- The race for Winnipeg’s next mayor has officially begun, with three candidates announcing their candidacies.
- Royce Koop, a political science professor at the University of Manitoba, predicts a long ballot on Oct. 26 because Bowman isn’t running.
- John Orlikow and Scott Gillingham, both city councillors and businessman Shaun Loney, have declared their candidacy but have yet to register.
The ethnicity to be the next mayor of Winnipeg has officially begun, with three candidates launching their campaigns.
The 1st opportunity for candidates to enroll with the city clerk’s office was on Sunday morning, with Jenny Motkaluk being the first to arrive.
“I believe what Winnipeggers want is an opportunity to tell me or someone like me about what they assume we can do to improve the city and encourage growth and investment,” Motkaluk said.
Motkaluk, a business consultant, ran in the 2018 municipal election and finished second to current Mayor Brian Bowman with 36 percent of the vote.
“We spent a lot of time talking about policy last time,” she said. “I’m proud of the job we did, but I believe we focused too much on that and not enough on giving Winnipeggers a chance to get to know who I am.”
Because incumbent Mayor Brian Bowman is not seeking reelection, Motkaluk and other candidates face a wide-open field.
When asked about the election, Bowman stated “, “I think we need to build on and improve a few of the positive work that’s occurred at city hall over the last eight years, and also I’m excited by the prospect of hearing from candidates both for mayor and for members of council as to how they proceed to construct Winnipeg for the future as well as to create a city in which we can all be proud to call home.”
Because Bowman isn’t running, Royce Koop, a political science professor at the University of Manitoba, predicts a long ballot on Oct. 26.
Open races, according to Koop, tend to produce more candidates, making name recognition crucial.
“Because voters don’t always have as much information as they would like, name recognition is crucial.
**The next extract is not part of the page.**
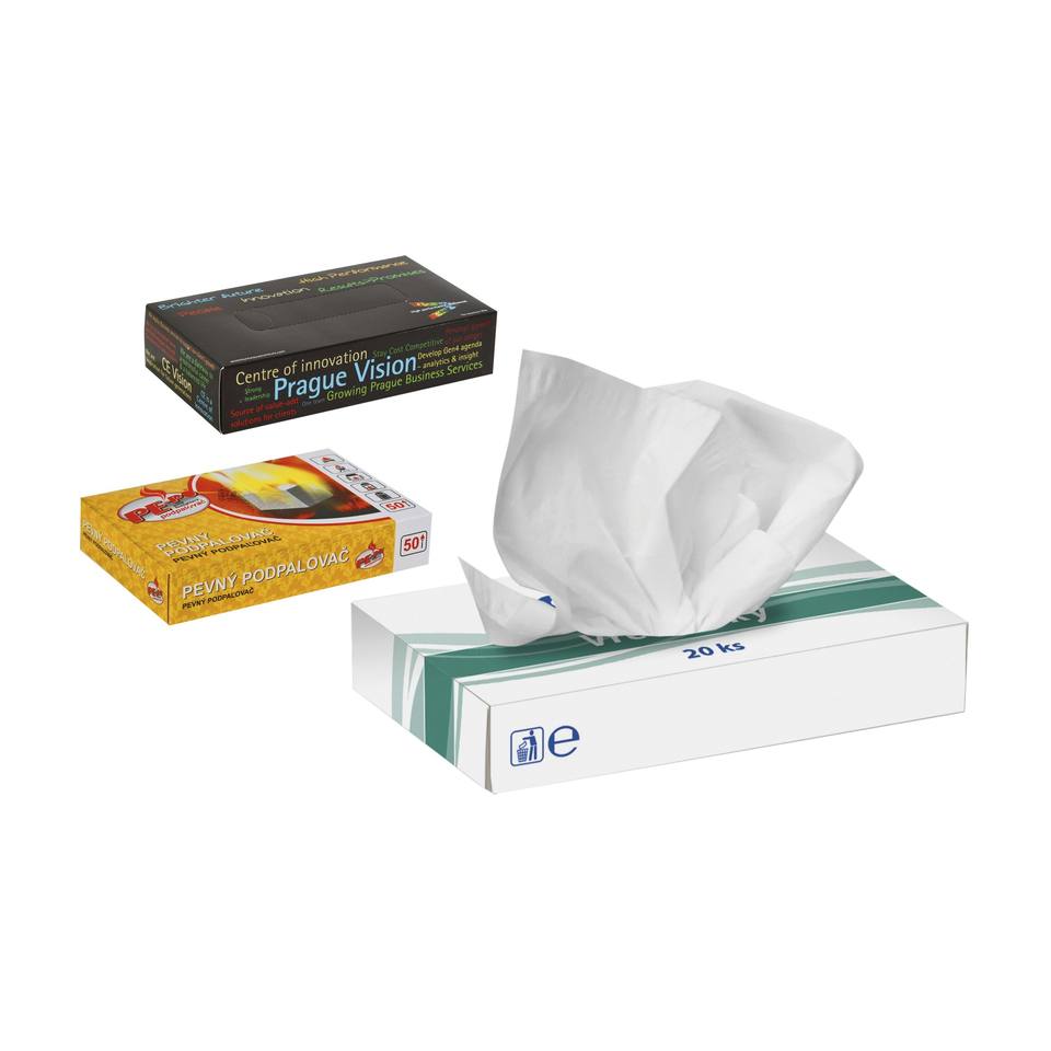 Boîte de mouchoirs Prague Vision White Label au design moderne, 20 mouchoirs en papier blanc doux, fabrication italienne, pratique pour la maison et le bureau

So it helps if you’re an incumbent. Still, it also helps if you have some name recognition, such as a counselor, a provincial politician, or even a local celebrity, “Koop elaborated.
Don Woodstock and Chris Clacio, two more Winnipeggers, entered the race on Sunday morning.
Woodstock, a security industry executive, ran for mayor in the previous election.
This time, he’s launching a “clean sweep” campaign against current city council members, accusing them of construction fraud.
“Any city councilor who has backed or took part in the corrupt [executive policy committee] model that we currently have should not be re-elected,” Woodstock said.
Chris Clacio, who ran for mayor last year but didn’t make it to the ballot box, is running again.
“I just wish to see the city be more practical as well as optimistic,” he said, adding that “all of the candidates on social media seemed very unimpressive for many citizens.”
Clacio said he’ll concentrate on public engagement and the city’s growing tech sector.
The list of mayor aspirants will grow as the deadline to sign up approaches in September.
City councilors John Orlikow as well as Scott Gillingham, as well as businessman Shaun Loney have declared their candidacy but have yet to register.
Source: CTV News
Get Canada and Manitoba’s top News, Market news, and other worldwide news only on Manitoba Daily.